Outro dado que chama a atenção é sobre redes sociais. O brasileiro tem deixado o Orkut de lado e tem preferido o Facebook. Os dados levam a algumas conclusões. Primeiro que os produtos de comunicação devem ser voltados para a nova classe média. Não sabemos muito bem o que fazer para explorar o potencial das redes sociais. Muita gente tenta, mas ninguém descobriu a fórmula, o pulo do gato. O comércio eletrônico pode evoluir muito e é um campo promissor para investimentos em médio e curto prazo.
 
Será que uma alternativa para a iminente perda de receitas que o Estado pode sofrer não poderiam ser as empresas “ponto com”? Ou o desenvolvimento de inteligência para o desenvolvimento e exploração de plataformas online?

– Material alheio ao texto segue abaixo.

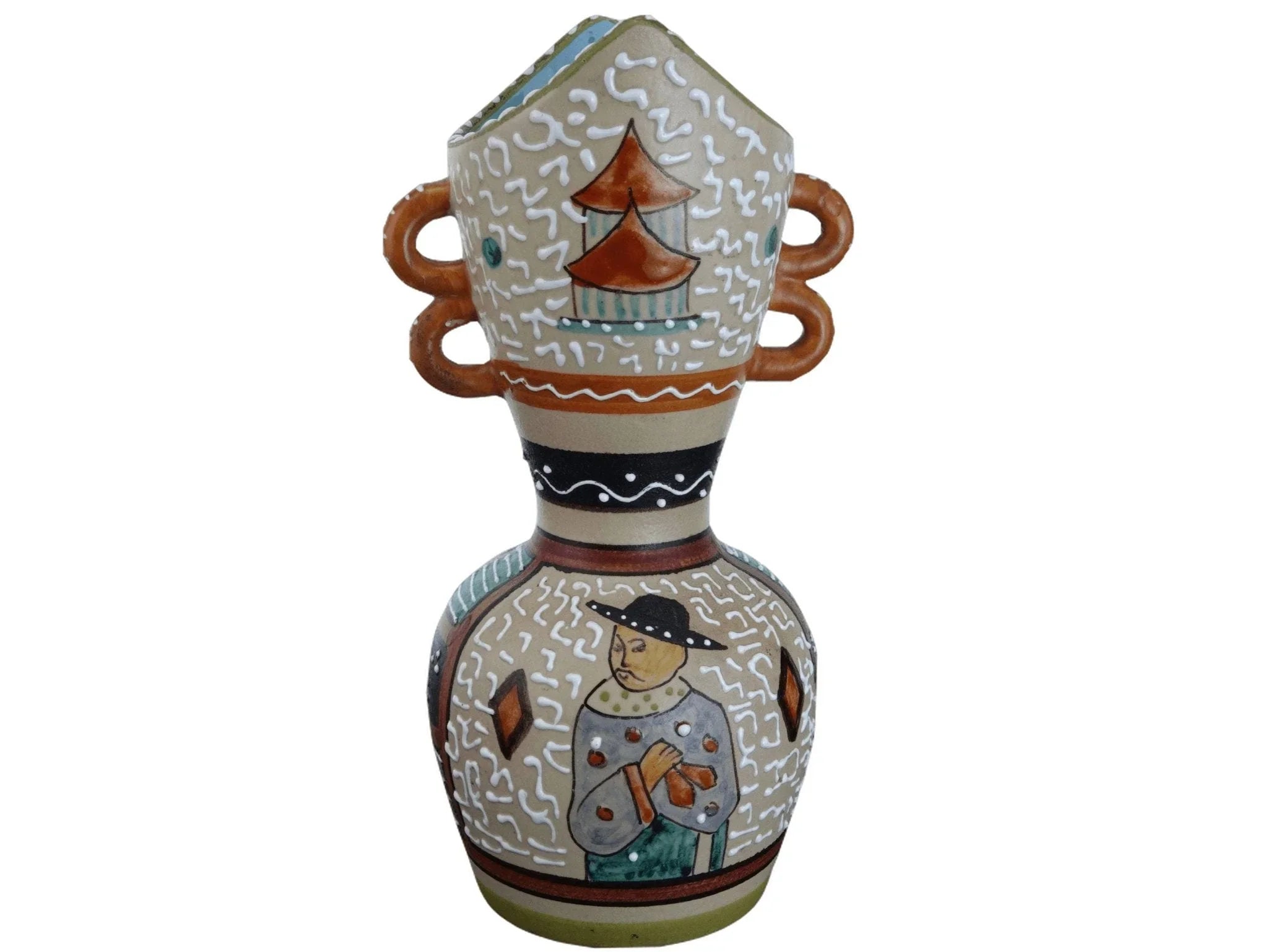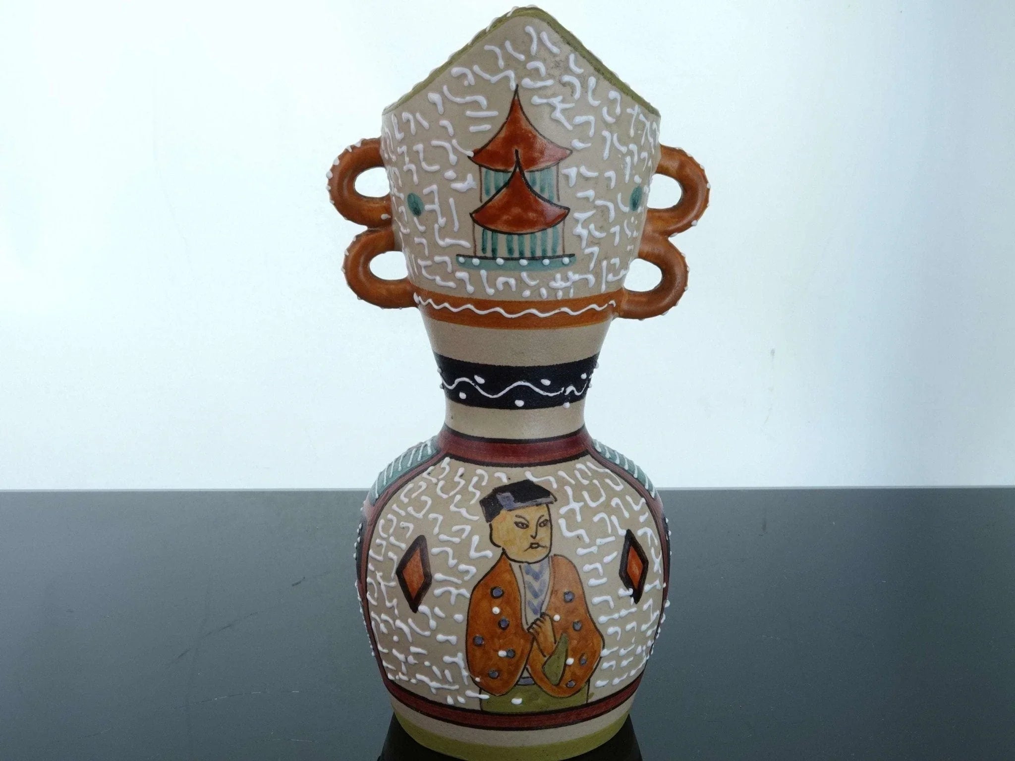 c1950 意大利中世纪现代中国风花瓶手绘管状 Moriage 风格装饰

O Espírito Santo tem uma posição geográfica privilegiada. Estamos no centro de acesso a mercados “classe C” como a região Nordeste e a Região Centro Oeste do país. Com melhorias  na infra-estrutura capixaba, leia-se rodovias melhores, portos modernizados e aeroporto (o que falar que já não foi dito…), podemos ser um centro de distribuição importante para o setor.
 
Em conversa recente com o secretário de Desenvolvimento Econômico da Serra, Jessé Moura Marques, Enfoque Econômico perguntou se havia algum plano especial para atração de empresas de TI para as áreas industriais do município. Ele disse que a política de incentivos não era específica para nenhum setor, mas que o município está aberto a todos os segmentos. Não há qualquer movimento semelhante em nenhum outro município ou mesmo do Estado.

Já opera em Vitória o primeiro call Center inteligente do Estado. O investimento foi de R$ 500 mil. Obra da Caper Serviços Corporativos que pretende atender empresas de comércio, setor financeiro, médico,  hospitalar e educação.